A medida consta do projeto de Lei Orçamentária Anual (PLOA) de 2027, enviado nesta segunda-feira (31) ao Congresso Nacional.

Instituído pelo Artigo 6 do arcabouço fiscal, o mecanismo é acionado quando o governo registra déficit primário, resultado negativo nas contas do governo sem os juros da dívida pública. Como houve resultado negativo em 2025 e há previsão de novo déficit em 2026, a limitação deverá valer para 2027.

O gatilho só poderá deixar de ser aplicado quando as contas públicas voltarem a registrar superávit primário.

Limite aos salários

Pela regra, enquanto houver déficit primário até 2030, as despesas com pessoal não poderão crescer mais de 0,6% ao ano acima da inflação. O limite abrange gastos com servidores ativos, aposentados e pensionistas, mas não abrange o pagamento com sentenças judiciais, nas quais estão incluídas os precatórios.

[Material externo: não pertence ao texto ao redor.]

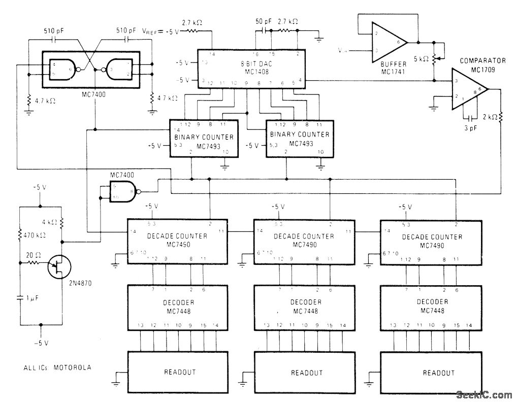 Closed-loop system designed around Motorola MC1408 8-bit D/A converter uses clocked binary counter feeding converter to produce staircase ramp function. output of converter is compared to unknown input signal, and clock pulse is terminated when levels being compared are equal. Clock pulses are generated at 330 kHz by two cross-coupled NAND gates in MC7400. UJT oscillator resets both sets of counters so unknown voltage is re-sampled every 0.5 s, MC7448 BCD to 7-segment decoders convert outputs of BCD counters to format for LED displays. With values shown, meter can measure up to 2.55Vin 10-mV steps. Different full-scale values can be obtained by using input voltage dividers or by replacing unity-gain input buffer with suitable fixed-gain buffer.-D. Aldridge, DAC Key to inexpensive22/3 Digit Voltmeter, Motorola, Phoenix, AZ, 1975, EB-21.

Na prática, a regra impede que o governo conceda, em 2027, reajustes que representem ganho real para o funcionalismo federal, caso as contas permaneçam no vermelho.

Como funciona

O déficit primário ocorre quando as receitas do governo ficam abaixo das despesas, sem considerar o pagamento de juros da dívida pública. Já o superávit primário acontece quando as receitas superam as despesas, também sem levar em conta os juros.

O arcabouço fiscal, aprovado em 2023, estabelece que o crescimento das despesas deve corresponder a até 70% da alta das receitas, respeitado o limite de 2,5% ao ano acima da inflação.

No fim de 2024, o Congresso aprovou novas regras para reforçar o controle das contas públicas. Entre elas está a restrição a incentivos e benefícios tributários em caso de déficit primário, além do limite para o crescimento das despesas com pessoal.

Acordo com categorias

A restrição ocorre após o governo ter firmado, em 2024, acordos salariais com a maior parte dos servidores do Executivo federal. As negociações contemplaram reajustes para 2025 e 2026 e reestruturações de carreiras.

Na época, o governo informou que os acordos alcançavam 98,2% dos servidores federais. A ministra da Gestão e Inovação, Esther Dweck, afirmou que as negociações garantiriam a reposição da inflação durante o mandato, além de ganho real para as categorias.

Com a nova limitação fiscal, porém, o espaço para novos aumentos acima da inflação em 2027 fica reduzido enquanto o governo permanecer em situação de déficit primário.